A laid-off TV reporter in a Culver City Starbucks first uncovered borrowed passages in Melania Trump's speech | Public Relations & Social Marketing Insight | Scoop.it

Since he lost his TV reporting job last year, Jarrett Hill has been looking for his next opportunity. It presented itself in an unexpected way.  Hill was sitting at a corner table Monday night in a Culver City Starbucks, drinking a venti iced coffee and watching the Republican National Convention on an MSNBC live stream.


As Melania Trump spoke, she uttered a phrase that the 31-year-old California native had heard once before — from First Lady Michelle Obama. “… the only limit to your achievements is the strength of your dreams …,” Melania Trump said during her address to the Republican National Convention.

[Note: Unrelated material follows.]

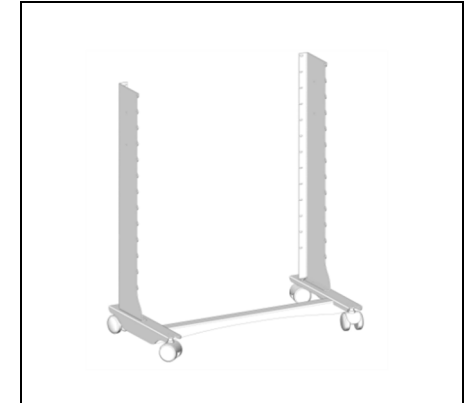
Мал.2 Прикручуємо стійки, гвинти М5.

Instinctively, Hill finished the phrase aloud to his laptop screen: “… and your willingness to work for them.” “Kind of like a song that you haven’t heard in a long time and you remember the lyrics as you hear them. Or a movie that you know the line to and you kind of respond to it,” he said.


He recalled the words from Michelle Obama’s speech because, he said, he had thought to himself at the time that it was “really beautifully written.” “I believe I even wrote it down or typed it,” Hill said. “Obviously having no idea that eight years later I’d hear them again from a woman who wanted to be first lady speaking at a convention in front of 40 million people.”...

Jeff Domansky's insight:

A national controversy over passages in Melania Trump's speech that resembled Michelle Obama's address was first brought to light by a former LA TV reporter sitting in a Starbucks. Good back story.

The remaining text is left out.